Para comenzar, tome un matraz de células de fibroblastos cultivadas, cubra una placa de cultivo celular de 10 centímetros adecuada para el cultivo de hiPSC con cuatro mililitros de solución de recubrimiento frío por placa e incube la placa durante una hora a 37 grados centígrados. Después, retire los medios de los fibroblastos y lávelos con cuatro mililitros de PBS precalentado por matraz. Aspirar el PBS y asociar los fibroblastos con cuatro mililitros de tripsina-EDTA por matraz incubando durante cinco a siete minutos a 37 grados centígrados.

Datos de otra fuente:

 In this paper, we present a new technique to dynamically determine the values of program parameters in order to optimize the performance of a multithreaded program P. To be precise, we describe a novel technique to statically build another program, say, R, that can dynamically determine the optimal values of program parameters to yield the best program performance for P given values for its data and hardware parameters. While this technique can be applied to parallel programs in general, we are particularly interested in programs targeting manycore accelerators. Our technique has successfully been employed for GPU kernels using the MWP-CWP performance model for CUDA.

Controle el desprendimiento celular con un microscopio de contraste de fase y, si es necesario, golpee contra el costado del matraz para separar las células de la superficie plástica. Transfiera las células desprendidas a un tubo cónico de 50 mililitros y lave los matraces vacíos con seis mililitros de medio de fibroblastos precalentado. Recoja y agrupe las células restantes en el tubo cónico.

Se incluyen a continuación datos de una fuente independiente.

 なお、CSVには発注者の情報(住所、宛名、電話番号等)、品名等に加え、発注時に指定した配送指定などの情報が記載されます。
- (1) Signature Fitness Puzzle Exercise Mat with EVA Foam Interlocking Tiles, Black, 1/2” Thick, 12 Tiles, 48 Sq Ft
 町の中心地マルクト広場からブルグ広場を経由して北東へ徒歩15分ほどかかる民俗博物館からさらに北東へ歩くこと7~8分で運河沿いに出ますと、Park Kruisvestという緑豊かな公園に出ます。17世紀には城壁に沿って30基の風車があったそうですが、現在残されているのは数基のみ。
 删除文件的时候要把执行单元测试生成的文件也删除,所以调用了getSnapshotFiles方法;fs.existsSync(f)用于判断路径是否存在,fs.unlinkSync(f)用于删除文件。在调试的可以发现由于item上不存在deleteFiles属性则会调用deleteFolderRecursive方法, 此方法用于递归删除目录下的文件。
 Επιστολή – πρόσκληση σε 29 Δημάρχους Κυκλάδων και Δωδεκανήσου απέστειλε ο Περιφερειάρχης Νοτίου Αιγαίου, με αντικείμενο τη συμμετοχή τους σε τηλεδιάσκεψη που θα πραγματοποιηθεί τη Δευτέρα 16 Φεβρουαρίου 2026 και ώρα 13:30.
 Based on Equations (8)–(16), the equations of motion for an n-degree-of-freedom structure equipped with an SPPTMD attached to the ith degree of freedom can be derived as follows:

Luego centrifugar las células a 200 g durante cinco minutos a 20 grados centígrados. Aspirar el sobrenadante y volver a suspender el pellet celular en tres mililitros de PBS fresco y precalentado. Cuente las células, transfiera 1.5 veces 10 al sexto fibroblastos a un nuevo tubo cónico y llénelo con PBS hasta la marca de cinco milímetros.
Centrifugar el tubo a 200 g durante cinco minutos a 20 grados centígrados. Deseche el sobrenadante, vuelva a suspender el pellet celular en cinco mililitros de medio de electroporación y centrifugar nuevamente. Mientras tanto, aspire la solución de recubrimiento de la placa de cultivo celular recubierta de 10 centímetros y agregue siete mililitros de medio de fibroblastos precalentado.
Al final de la centrifugación, deseche el sobrenadante y vuelva a suspender el pellet celular en medio de electroporación con una concentración de 1,5 veces 10 a la sexta celda en 250 microlitros. Transfiera la suspensión de celda de 250 microlitros a una cubeta de electroporación con una distancia de espacio de cuatro milímetros. A continuación, prepare una mezcla de transfección de plasma agregando cuatro microgramos de cada plásmido a un volumen total de 50 microlitros de medio de electroporación.
Transfiera la mezcla de transfección a la cubeta, mezcle suavemente moviendo y electropórela con un pulso a 280 voltios. Finalmente, transfiera 150 microlitros de los fibroblastos electroporados a la placa de cultivo celular de 10 centímetros preparada. Agite la placa tres veces en todas las direcciones para distribuir las células e incube durante la noche.
Los fibroblastos se presentan en un fenotipo largo, en forma de huso, del tamaño de 150 a 300 nanómetros. Después de la reprogramación, se producen colonias con hiPSC pequeñas de 50 micrómetros que muestran bordes distintos. Las hiPSCs se distinguen por una alta relación núcleo/cuerpo y una mayor tasa de proliferación.